◆ Given records
+ + + +

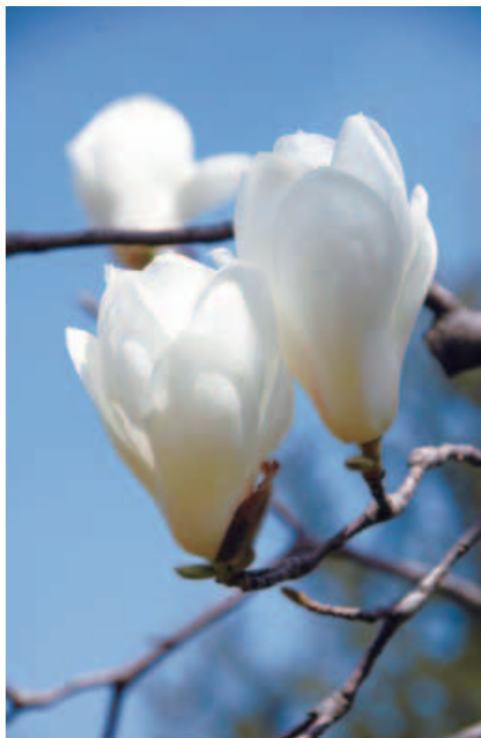
のどけき春(ハクモクレン)
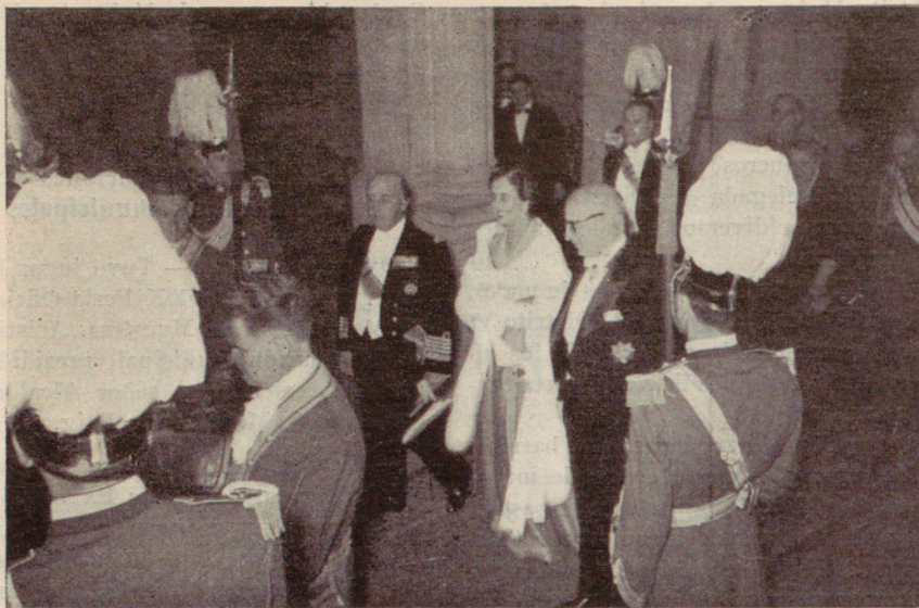
Llegada del Caudillo al Ayuntamiento ←
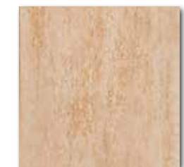
DAR35034 Travertin PEI 5 ○ 72 / m 2 mat | matt

béžová / beige / bežowa / бежевый / beige
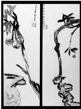
《花鸟小品》 郭鑫梓 女 9岁 辅导老师 左倩倩
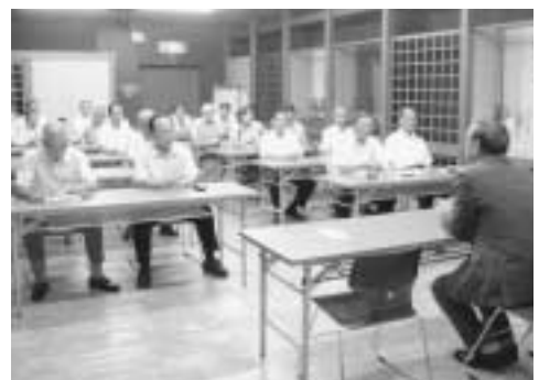
福光屋の常務さんからお話をうかがう

日本酒で乾杯の町、多可町。福光屋の常務さんから、「これからの山田錦に求めているもの」をテーマにお話いただき、酒蔵
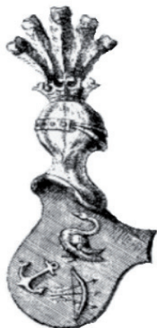
Herb Oszyk na pieczęci używanej przez Henryka Sienkiewicza 12 .
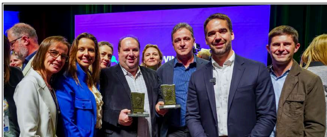
Ainda sobre a solenidade ocorrida na quarta-feira (18) na Assembleia Legislativa, quando da premiação do Troféu Educacional Leonel de Moura Brizola 2023, registrado acima, a foto da delegação do executivo de Ipiranga do Sul com a deputada Delegada Nadine Farias Anflor (PSDB) e o governador Eduardo Leite (PSDB)

# De igual modo estiveram com o ministro do Esporte, André Fufuca, e além da feira trataram de outras demandas da comunidade, e conversaram com deputados com atuação na região.
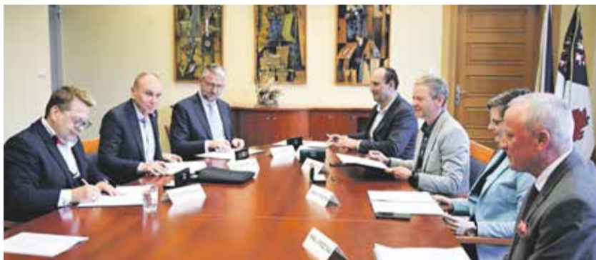
Na kraji odstartovali platformu Vodíková Vysočina.

Vodíkové technologie jsou v poslední době považovány za velice perspektivní. Jejich velkým plusem je to, že přispívají k dekarbonizaci průmyslu i dopravy. Právě vodík je jedním z pilířů k dosažení evropských cílů uhlíkové neutrality v roce 2050. „Uplatnění vodíkových technologií v rámci kraje vidím zejména v oblasti energetiky a dopravy. Proto se kraj rozhodl spolu s dalšími klíčovými hráči regionu uzavřít memorandum o spolupráci v oblasti výroby, skladování a využívání vodíkových technologií napříč odvětvími,“ uvedl hejtmán Kraje Vysočina Vítězslav Schrek (ODS+STO) při podpisu vodíkového memoranda ve čtvrtek 6. dubna v Jihlavě.
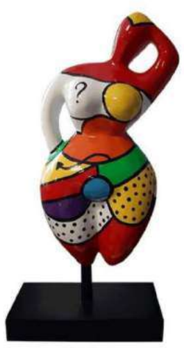
PETITE FOLIE 8033 S-M-L
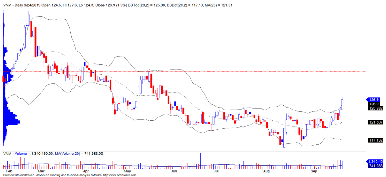
Diễn biến giá của cổ phiếu VNM
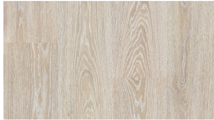
Дуб Онтарио FP09
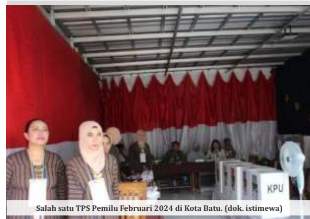
Salah satu TPS Pemilu Februari 2024 di Kota Batu. (dok. istimewa)

Tidak hanya itu, sambung Yogi, aspek logistik juga menjadi perhatian serius dalam pemetaan ini. Bawaslu
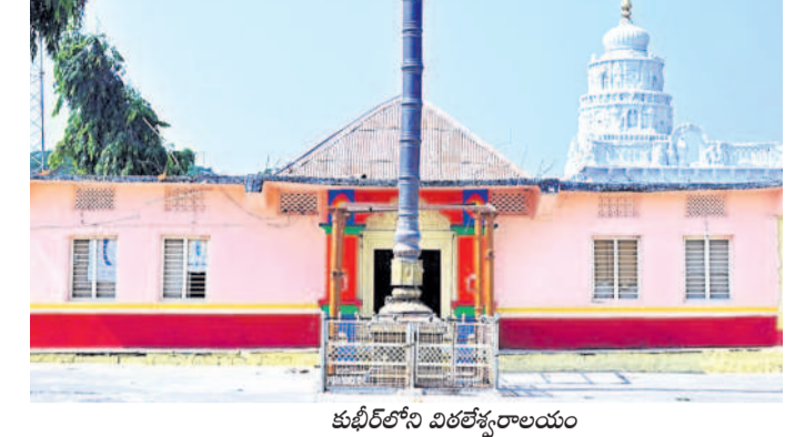
కుటీర్ లోని విరలేశ్వరాలయం

కుటీర్, నవంబర్ 17 : కుటీర్ లో మరో పండలిపురంగా వెలుగొందుతున్న విరలేశ్వర ఆలయంలో ఈ నెల 29వ నిర్వహించే జాత ఖ్యోలో తరలివస్తారు. సుమారు 50 క్లింబాకార రకు ఆలయ కమిటీ అధ్యక్షులతో ఏర్పాటు ముప్పురం చేశారు. ఈ నెల 22న సప్తహ వేడుకలు ప్రారంభిస్తారు. జాత సంధర్భంగా మందిరాలను రంగులతో ఆలంకరించారు.
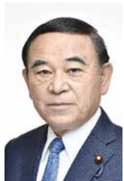
▲第3区 坂本 哲志(75才) 当選9回

高齢化、人口減少、そして担い手不足、物価高、人出不足、さらには渋滞あるいは環境問題への心配など、皆さんの想いをしっかりと受け止めて、丁寧なきめ細かく、着実に解決に向けて全力で政治にまい進していく。
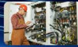
คลิกรูปภาพเข้าสู่ระบบ ตรวจสอบไฟฟ้า
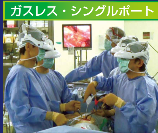
3Dヘッドマウント ディスプレイ内の 4画面同期映像
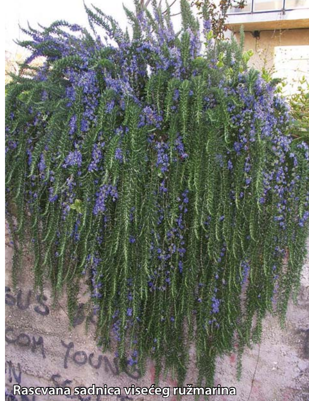
Rascvana sadnica visećeg ružmarina
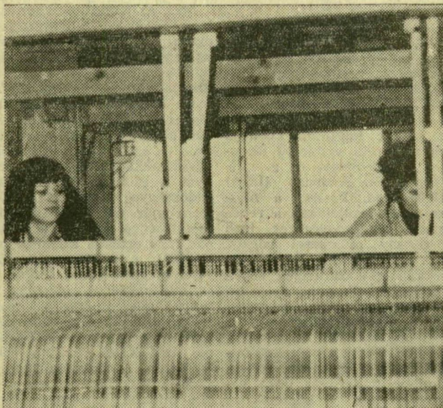
A szőnyegszővést még nem sikerült gépesíteni
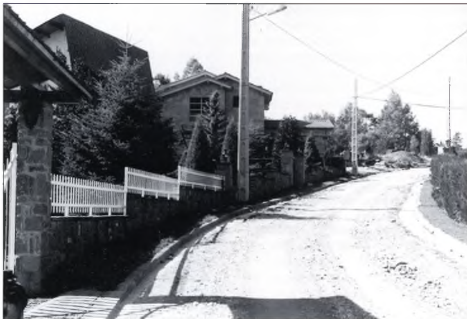
▲ “La qualitat de les edificacions contrasta amb la infraestructura més pròpia d'un suburbi que d'una urbanització de segona residència”

Al cap d'uns dies, cada propietari va rebre una notificació de l'Ajuntament amb l'import exacte de la quota que li correspon pagar i els terminis per a fer-ho. Alhora l'Ajuntament va convocar el 16 de juny un ple municipal en el que es va aprovar el plec de clàusules per al concurs d'adjudicació d'obres del Projecte d'Obres i Serveis de Font Rubí. Aquestes clàusules es publiquen al BOE (27/6), BOP (28/6) i DOG (29/6). Hi queda ben especificat que les obres hauran de durar només un any a partir de la data de replanteig i que el pressupost de contracta és de 344.952.612 ptes., millorable a la baixa.
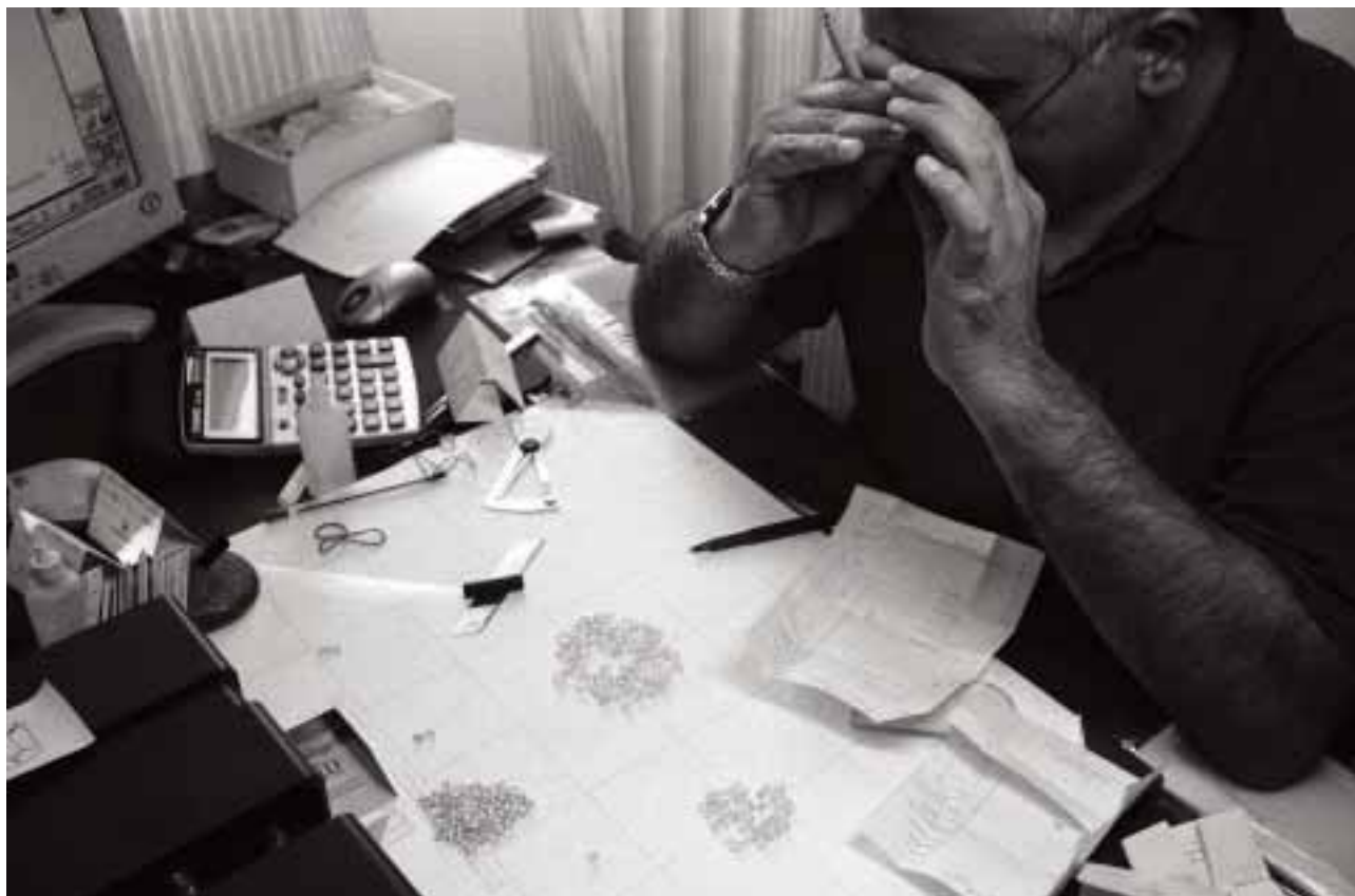
Expert-évaluateur dans une usine de polissage de diamants en train d'évaluer des diamants bruts avant leur traitement. Les autorités devraient également se doter de ce type de compétences techniques.

Se basant sur les résultats recueillis en Arménie et en Afrique de l'Ouest, ainsi que sur les informations collectées lors de plusieurs visites d'examen, Global Witness appelle le Processus de Kimberley à se pencher davantage sur les éventuels problèmes concernant les centres de taille et de polissage susceptibles d'être exploités par les négociants en diamants du conflit. Le Processus de Kimberley devrait élaborer une série de meilleures pratiques dédiées aux contrôles menés par les autorités dans les centres de taille et de polissage et demander instamment à ses participants de les mettre en œuvre.
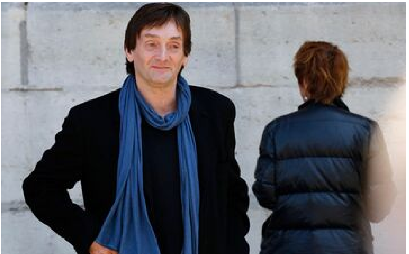
Pierre Palmade grièvement blessé : ce que l'on sait des circonstances de l'accident de la route
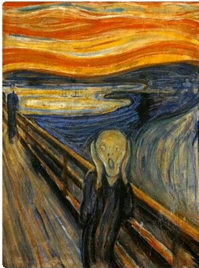
Έντβαρτ Μουνκ «Η Κραυγή»
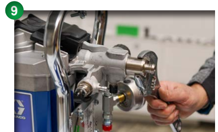
9 Adapter für Saugschlauch festziehen
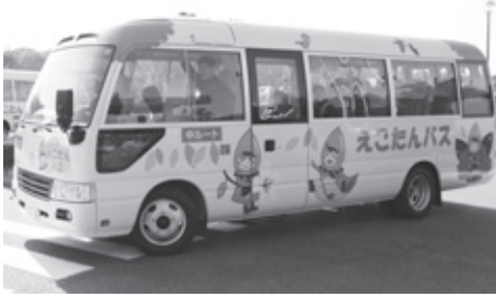
コミュニティバス(えこたんバス)
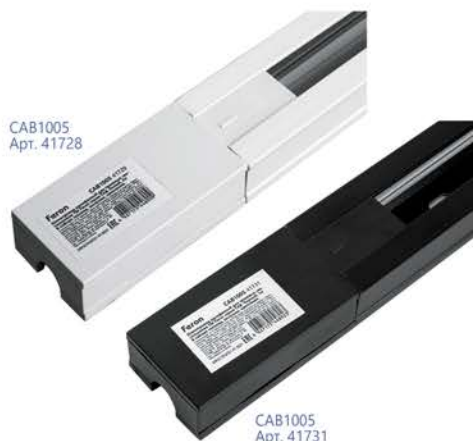
CAB1005 Арт. 41728

+ + + +

◆ Task statement
Exact copies of all the entries, without any pictures, are what the answer must contain.

◆ Answer box
のどけき春(ハクモクレン)
Llegada del Caudillo al Ayuntamiento ←
DAR35034 Travertin PEI 5 ○ 72 / m 2 mat | matt

béžová / beige / bežowa / бежевый / beige
《花鸟小品》 郭鑫梓 女 9岁 辅导老师 左倩倩
福光屋の常務さんからお話をうかがう

日本酒で乾杯の町、多可町。福光屋の常務さんから、「これからの山田錦に求めているもの」をテーマにお話いただき、酒蔵
Herb Oszyk na pieczęci używanej przez Henryka Sienkiewicza 12 .
Ainda sobre a solenidade ocorrida na quarta-feira (18) na Assembleia Legislativa, quando da premiação do Troféu Educacional Leonel de Moura Brizola 2023, registrado acima, a foto da delegação do executivo de Ipiranga do Sul com a deputada Delegada Nadine Farias Anflor (PSDB) e o governador Eduardo Leite (PSDB)

# De igual modo estiveram com o ministro do Esporte, André Fufuca, e além da feira trataram de outras demandas da comunidade, e conversaram com deputados com atuação na região.
Na kraji odstartovali platformu Vodíková Vysočina.

Vodíkové technologie jsou v poslední době považovány za velice perspektivní. Jejich velkým plusem je to, že přispívají k dekarbonizaci průmyslu i dopravy. Právě vodík je jedním z pilířů k dosažení evropských cílů uhlíkové neutrality v roce 2050. „Uplatnění vodíkových technologií v rámci kraje vidím zejména v oblasti energetiky a dopravy. Proto se kraj rozhodl spolu s dalšími klíčovými hráči regionu uzavřít memorandum o spolupráci v oblasti výroby, skladování a využívání vodíkových technologií napříč odvětvími,“ uvedl hejtmán Kraje Vysočina Vítězslav Schrek (ODS+STO) při podpisu vodíkového memoranda ve čtvrtek 6. dubna v Jihlavě.
PETITE FOLIE 8033 S-M-L
Diễn biến giá của cổ phiếu VNM
Дуб Онтарио FP09
Salah satu TPS Pemilu Februari 2024 di Kota Batu. (dok. istimewa)

Tidak hanya itu, sambung Yogi, aspek logistik juga menjadi perhatian serius dalam pemetaan ini. Bawaslu
కుటీర్ లోని విరలేశ్వరాలయం

కుటీర్, నవంబర్ 17 : కుటీర్ లో మరో పండలిపురంగా వెలుగొందుతున్న విరలేశ్వర ఆలయంలో ఈ నెల 29వ నిర్వహించే జాత ఖ్యోలో తరలివస్తారు. సుమారు 50 క్లింబాకార రకు ఆలయ కమిటీ అధ్యక్షులతో ఏర్పాటు ముప్పురం చేశారు. ఈ నెల 22న సప్తహ వేడుకలు ప్రారంభిస్తారు. జాత సంధర్భంగా మందిరాలను రంగులతో ఆలంకరించారు.
▲第3区 坂本 哲志(75才) 当選9回

高齢化、人口減少、そして担い手不足、物価高、人出不足、さらには渋滞あるいは環境問題への心配など、皆さんの想いをしっかりと受け止めて、丁寧なきめ細かく、着実に解決に向けて全力で政治にまい進していく。
คลิกรูปภาพเข้าสู่ระบบ ตรวจสอบไฟฟ้า
3Dヘッドマウント ディスプレイ内の 4画面同期映像
Rascvana sadnica visećeg ružmarina
A szőnyegszővést még nem sikerült gépesíteni
▲ “La qualitat de les edificacions contrasta amb la infraestructura més pròpia d'un suburbi que d'una urbanització de segona residència”

Al cap d'uns dies, cada propietari va rebre una notificació de l'Ajuntament amb l'import exacte de la quota que li correspon pagar i els terminis per a fer-ho. Alhora l'Ajuntament va convocar el 16 de juny un ple municipal en el que es va aprovar el plec de clàusules per al concurs d'adjudicació d'obres del Projecte d'Obres i Serveis de Font Rubí. Aquestes clàusules es publiquen al BOE (27/6), BOP (28/6) i DOG (29/6). Hi queda ben especificat que les obres hauran de durar només un any a partir de la data de replanteig i que el pressupost de contracta és de 344.952.612 ptes., millorable a la baixa.
Expert-évaluateur dans une usine de polissage de diamants en train d'évaluer des diamants bruts avant leur traitement. Les autorités devraient également se doter de ce type de compétences techniques.

Se basant sur les résultats recueillis en Arménie et en Afrique de l'Ouest, ainsi que sur les informations collectées lors de plusieurs visites d'examen, Global Witness appelle le Processus de Kimberley à se pencher davantage sur les éventuels problèmes concernant les centres de taille et de polissage susceptibles d'être exploités par les négociants en diamants du conflit. Le Processus de Kimberley devrait élaborer une série de meilleures pratiques dédiées aux contrôles menés par les autorités dans les centres de taille et de polissage et demander instamment à ses participants de les mettre en œuvre.
Pierre Palmade grièvement blessé : ce que l'on sait des circonstances de l'accident de la route
Έντβαρτ Μουνκ «Η Κραυγή»
9 Adapter für Saugschlauch festziehen
コミュニティバス(えこたんバス)
CAB1005 Арт. 41728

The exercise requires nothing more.